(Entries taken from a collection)
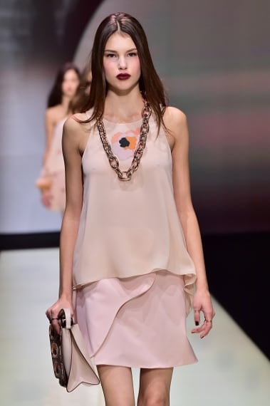 La donna di Emporio Armani è bon ton, elegante e sofisticata, vestita da tessuti morbidi e sinuosi nelle tonalità de rosa, del panna, del corallo e del cammello. Nuance delicate dalle sfumature pastello, trasparenze e pelle sono le protagoniste della collezione primaverile per il prossimo anno, con linee essenziali e pulite, perfette sia per la donna che vuole osare che per quella che preferisce la classicità di Re Giorgio.
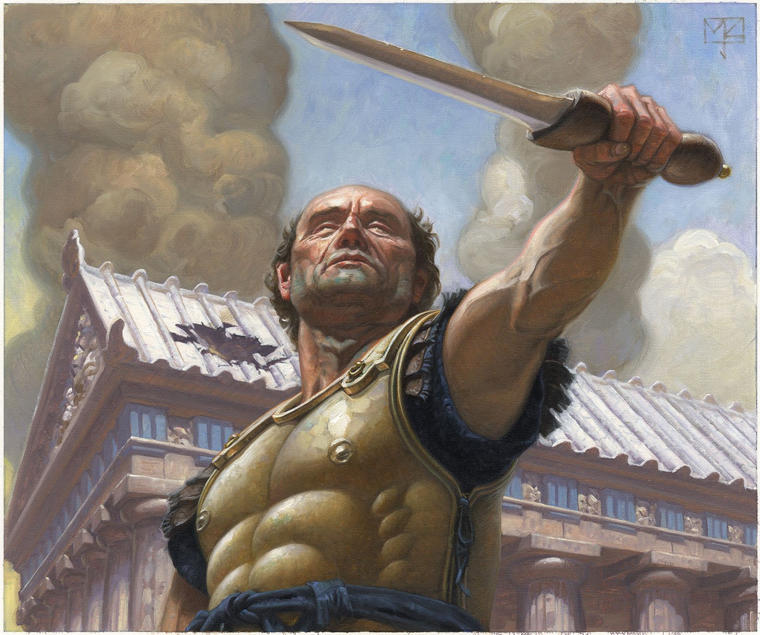 Oil on archival canvas-textured paper. Illustration from the ANACHRONISM historical collectible card game.
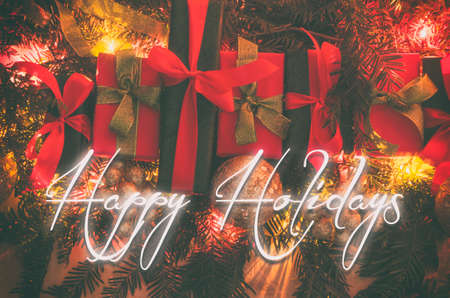 Christmas decoration background with message Happy Holidays!
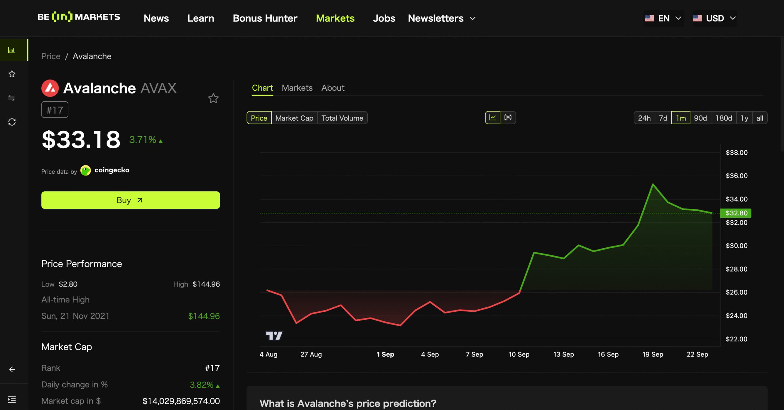 The positive news and strategic initiatives have also influenced AVAX’s market performance. As of the morning of September 23, during Asian trading hours, AVAX was trading at $33.18.
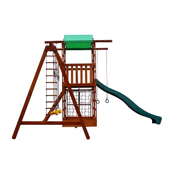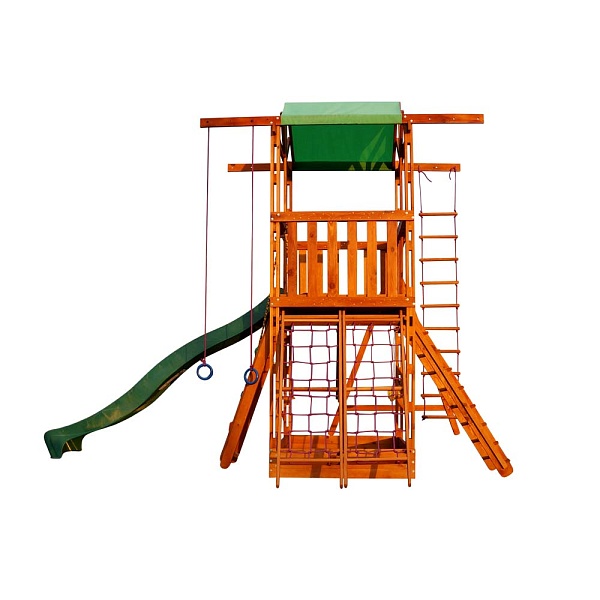 Деревянный игровой комплекс состоит из двух домиков на верхнем и нижнем ярусе конструкции, горки, наклонной сетки и стенки для лазания, качелей, верёвочной лестницы и обычной лесенки для подъёма на верхний ярус. Яркие детали и тент на крыше прекрасно гармонируют с тонированной древесиной сосны, придавая конструкции эстетичность и привлекательность. Детская игровая площадка приведёт в восторг детей любого возраста, ведь каждый ребёнок сможет найти здесь занятие по душе.
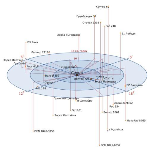 | Keywords: Nearby Stars (14ly Radius)-be.svg A spatial representation of every star within 14 light-years of Sol There are 32 stars in this region including Sol The stars are coloured according to the spectral type which may not reflect the actual colour Please see this Wikipedia article for the listing of stars If a star is double or triple the stars are shown stacked vertically the actual position is the star closest to the centre plane The stars on this map may not all be visible to the naked eye as many are dwarf stars Some of this information may be preliminary and not entirely accurate as a result The coordinate system is right ascension and declination Hours of RA are marked as well as distance in multiples of 5 light-years Ка та азмяшчэння ў п асто ы ўсіх зо ных сістэм у адыусе 14 св гадоў Сонца Уключаючы Сонца у гэтай вобласці знаходзяцца 32 зо ныя сістэмы усе яны пе алічаны ў спісе найбліжэйшых зо ак у «Вікіпедыі» Зо кі азмаляваны ў адпаведнасці з іх спект альным тыпам гэтыя коле ы могуць не супадаць з фактычнымі коле амі зо ак Падвойныя і пат ойныя зо кі азмешчаны ў выглядзе ве тыкальнай калонкі што аднак не адпавядае эальнаму становішчу зо ак у сістэме Большасць зо ак гэтай ка це не бачныя няўзб оеным вокам Частка інфа мацыі можа быць папя эдняй і не цалкам дакладнай Сістэма каа дынат заснавана на п амым узыходжанні і схіленні Вылучаны гадзіны п амога ўзыходжання і адлегласці ад Сонца к атныя 5 св гадам Nearby_Stars_ 14ly_Radius svg 2015-01-31 Nearby_Stars_ 14ly_Radius svg Inductiveload derivative work Чаховіч Уладзіслаў <span class signature-talk >talk</span> 100px Nearby stars Original SVG English 100px Najbližje zvezde SVG slovenščina 100px айближчі зо і SVG Ук аїнська Translated into Belarusian Чаховіч Уладзіслаў Nearby_Stars_ 14ly_Radius svg Uploaded with derivativeFX Solar neighborhood Belarusian language |
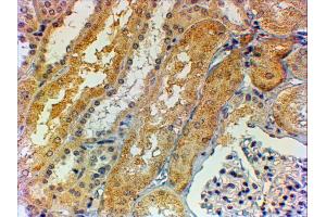 Immunohistochemistry: In paraffin embedded Human Kidney shows preferential staining in cytoplasm of PCT over DCT. Recommended concentration, 2-4 μg/mL.
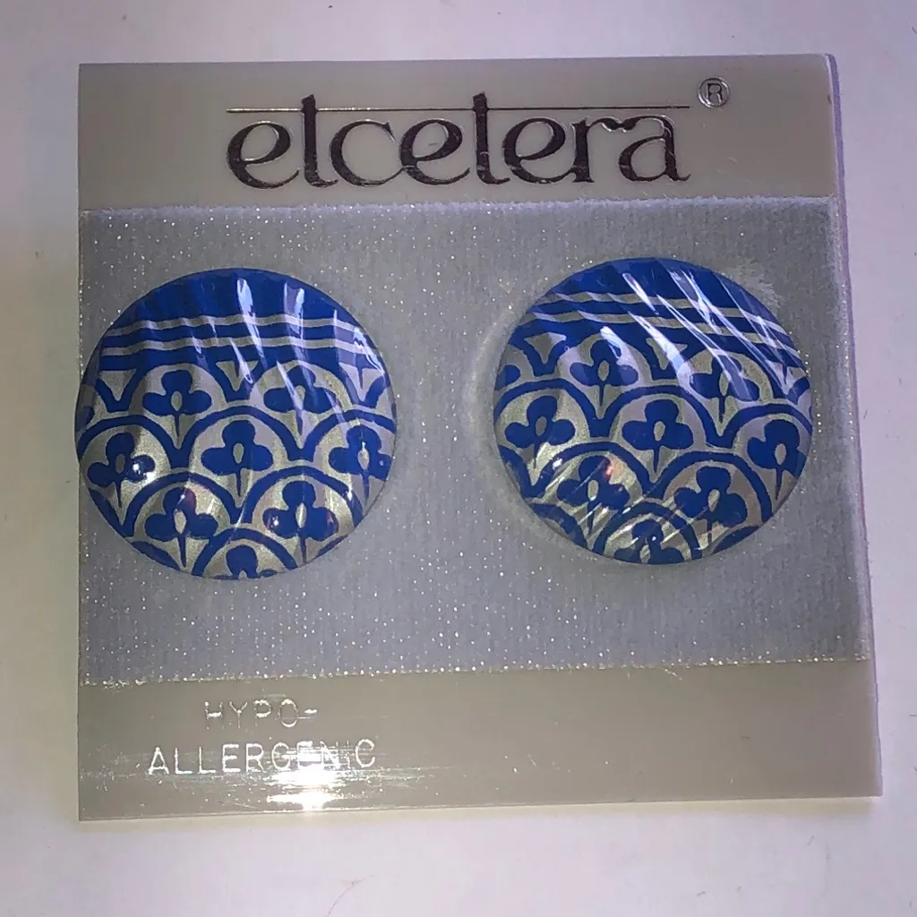 Stylish blue patterned earrings by Etcetera. Hypoallergenic design. New Approximately 1.10” A8 Boho Vintage Street Style Minimalist Statement Piece Essential Trendy Fashion Forward Must-Have On-Trend Cute Casual Edgy Classic Rare Find retro mid century modern estate jewelry costume jewelry
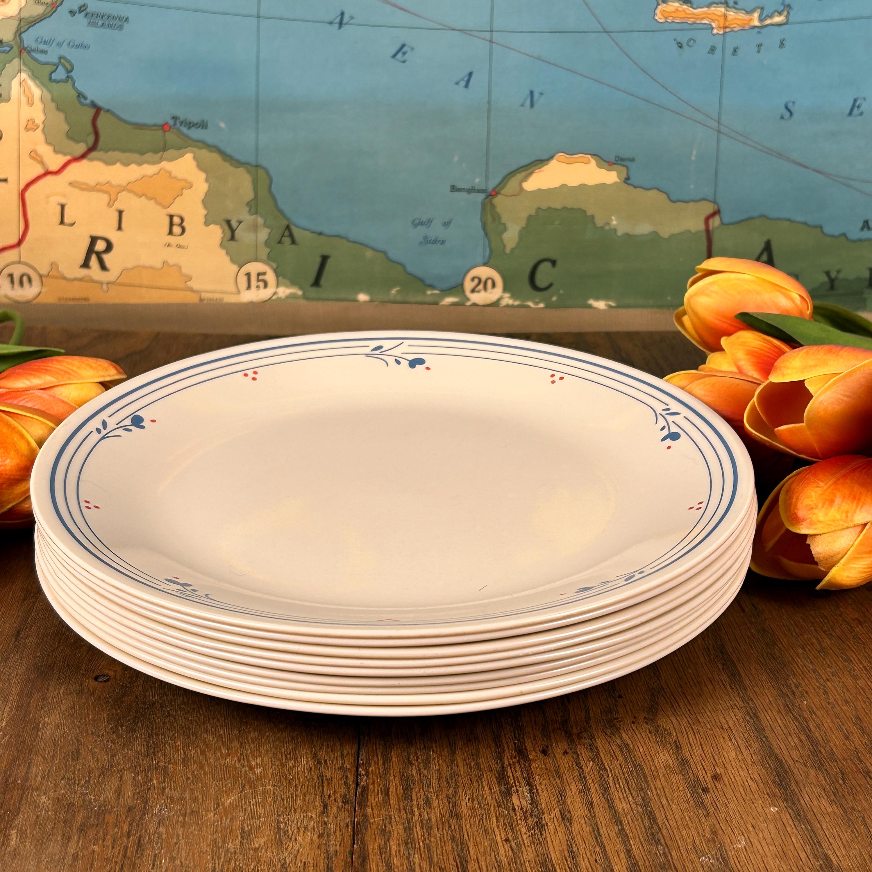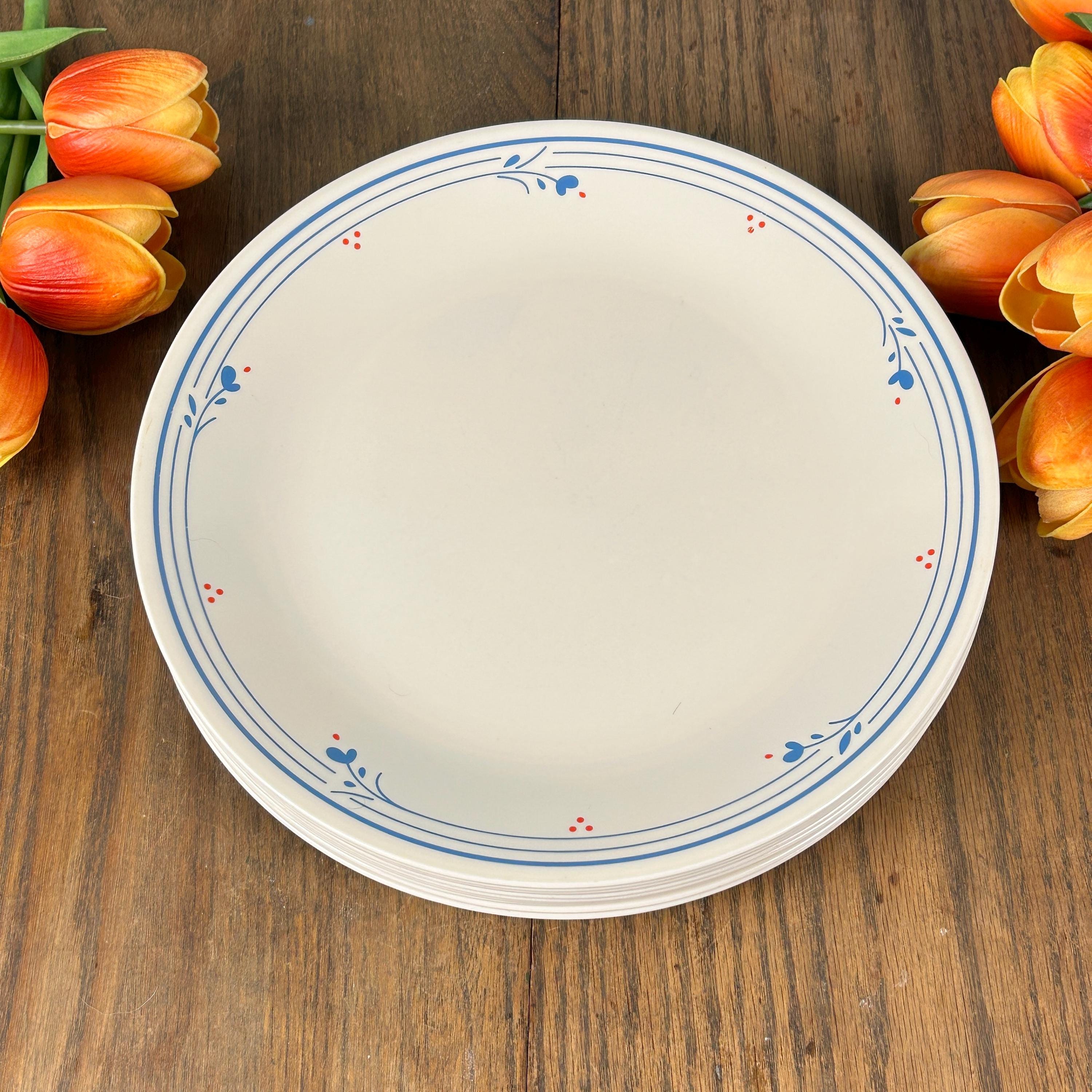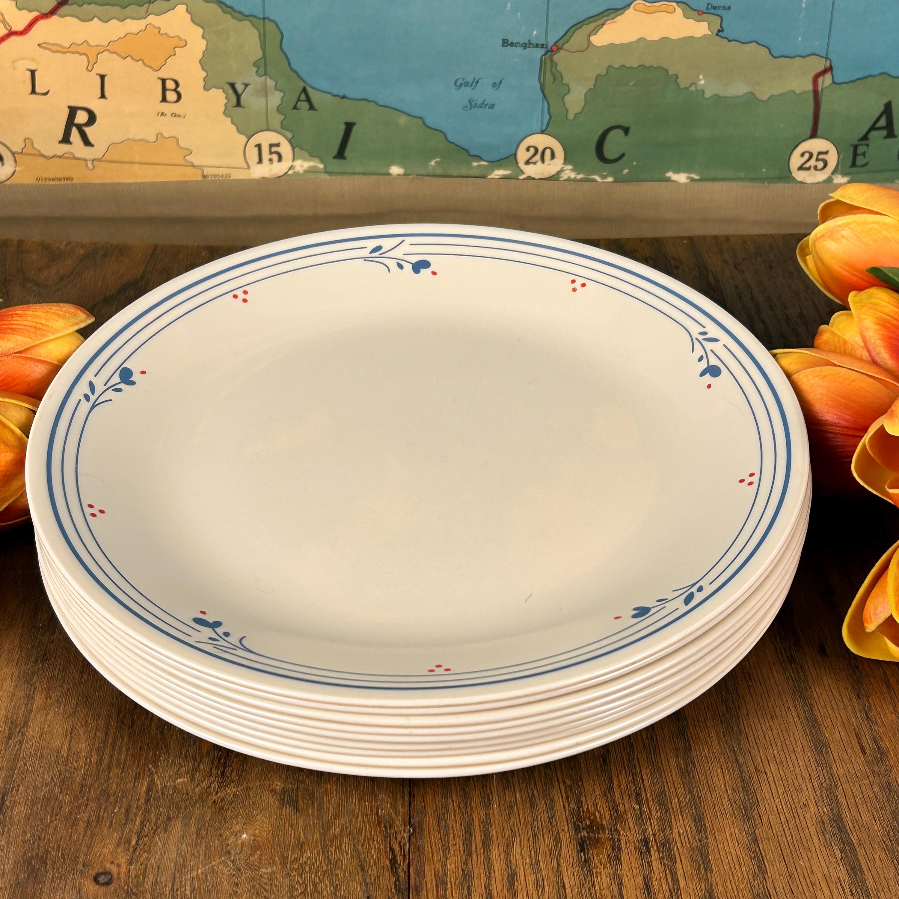 This is a pretty pattern of Corelle called Country Violets that would make perfect replacement pieces for every day use. This set will perfectly compliment your farmhouse kitchen or cottage core decor with its universal pattern. The color is a country blue hue accented by red dots on a beige base. These plates measure approximately 10 1/4" in diameter. They are clean and scratch-free. No paint loss. No chips or cracks can be seen. Please see all photos as they are part of the description.
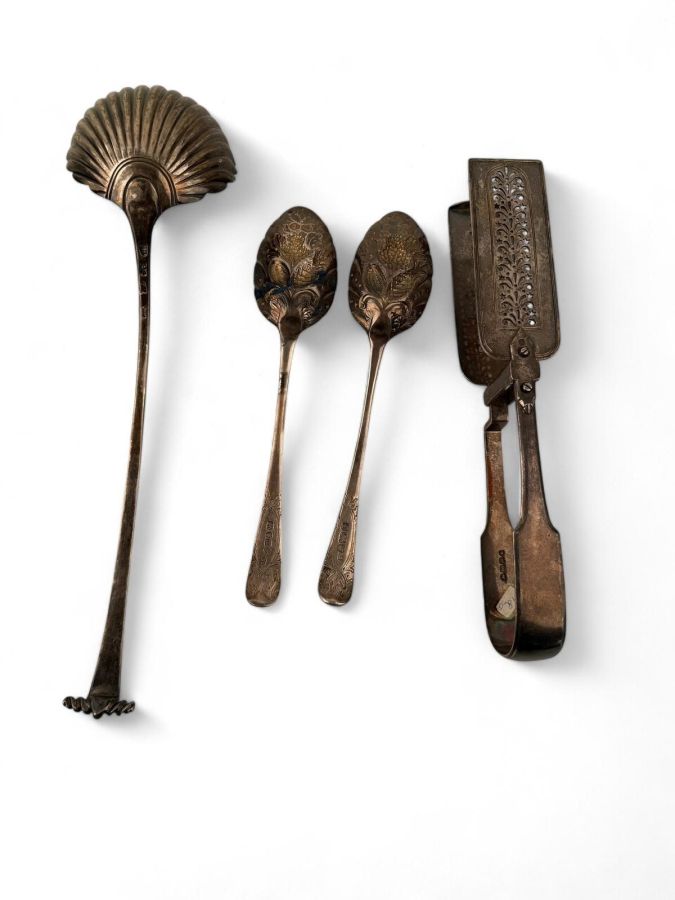 Peso totale: 405 gr. 1) coppia di cucchiai in argento 925/1000 sbalzati e cesellati con nature morte:
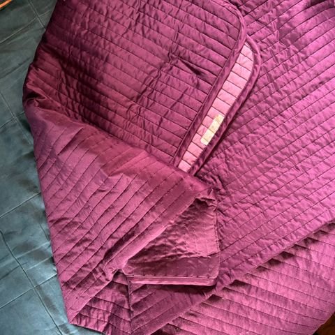 Kaksipuolinen päiväpeitto. Toiselta puolelta tummemman liila ja toiselta vaaleanliila/vaaleanpunertava, vähän käytetty, joten hyvässä kunnossa ja juuri pesty.
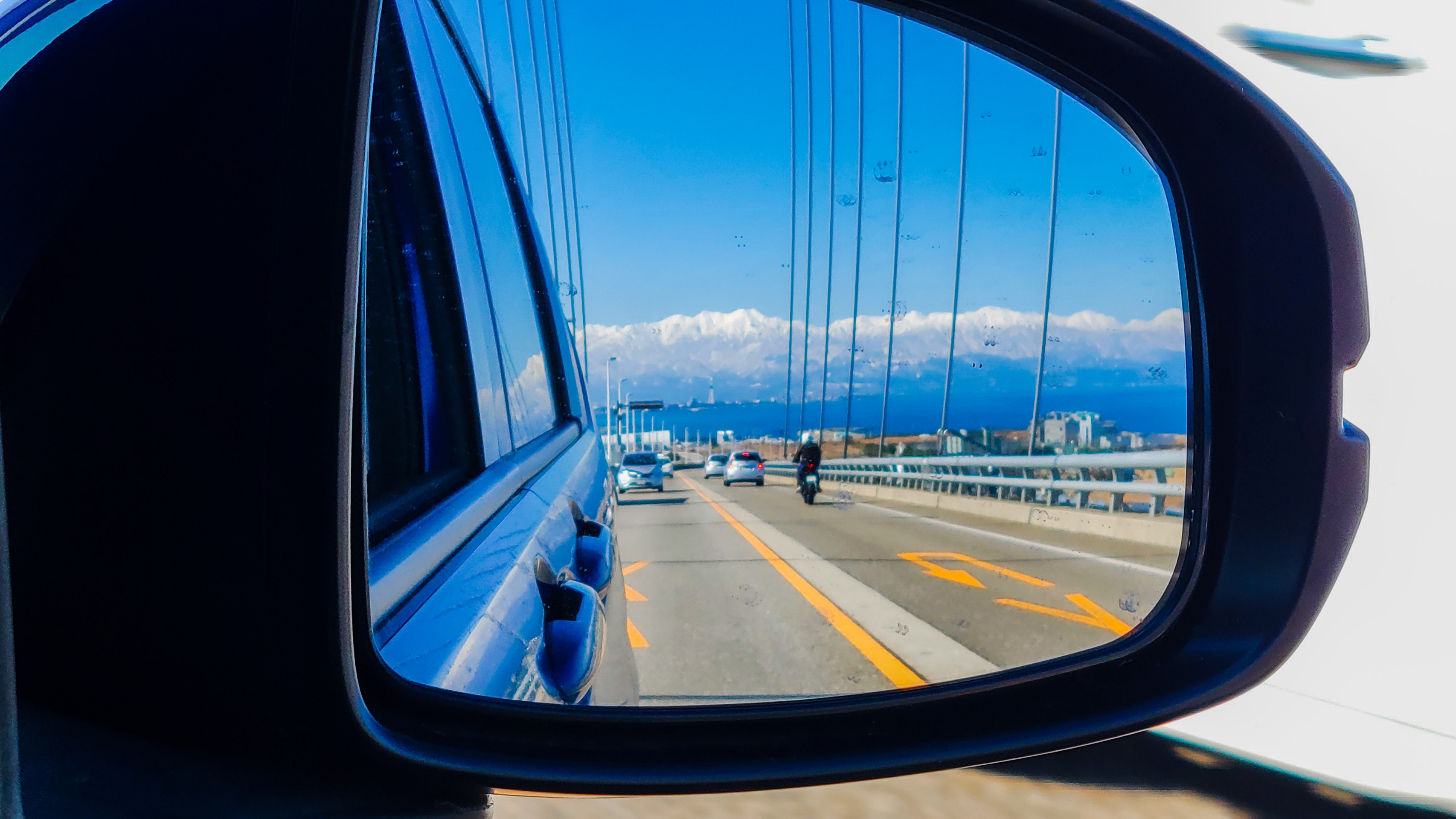 こんな素晴らしい景色が見える新湊大橋が無料なのはほんとありがたい。一度きりではもったいないので、Uターンしてみました。
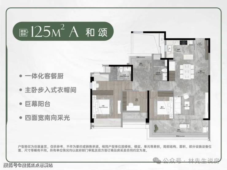 户型亮点:主推建筑面积约125-180平方米的南向宽幕瞰景大宅。
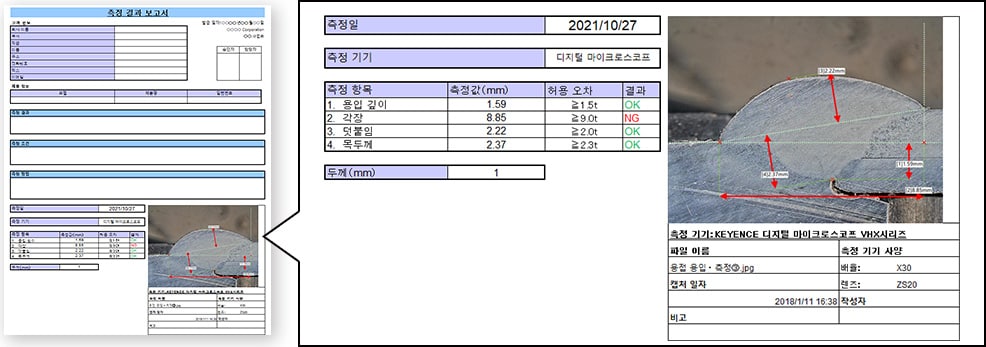 화상과 각 치수·OK/NG 판정 등을 즉시 리포트로 작성하여 작업 부담을 크게 절감.
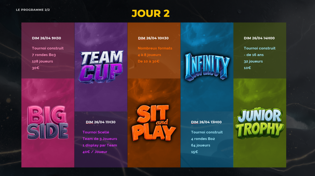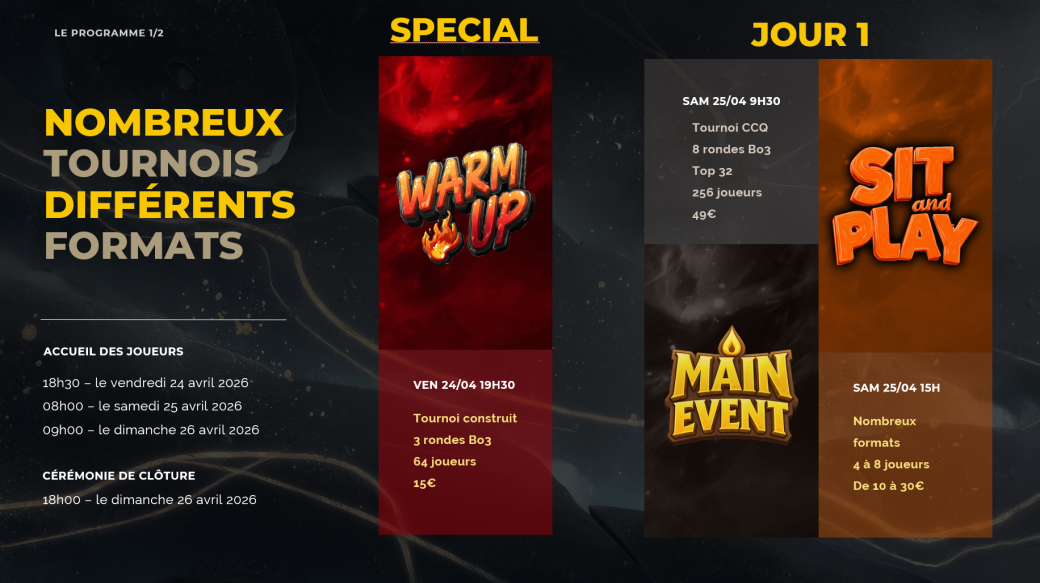 Nous réunissons les joueurs et les passionnés autour d’un événement soigné, immersif et rythmé par un programme dynamique.

### Task details
I would like the exact lines from the data above, starting with the one that holds "Christmas decoration background" and going on through the one that holds "Деревянный игровой комплекс", without the pictures.

### Solution below
 Christmas decoration background with message Happy Holidays!
 The positive news and strategic initiatives have also influenced AVAX’s market performance. As of the morning of September 23, during Asian trading hours, AVAX was trading at $33.18.
 Деревянный игровой комплекс состоит из двух домиков на верхнем и нижнем ярусе конструкции, горки, наклонной сетки и стенки для лазания, качелей, верёвочной лестницы и обычной лесенки для подъёма на верхний ярус. Яркие детали и тент на крыше прекрасно гармонируют с тонированной древесиной сосны, придавая конструкции эстетичность и привлекательность. Детская игровая площадка приведёт в восторг детей любого возраста, ведь каждый ребёнок сможет найти здесь занятие по душе.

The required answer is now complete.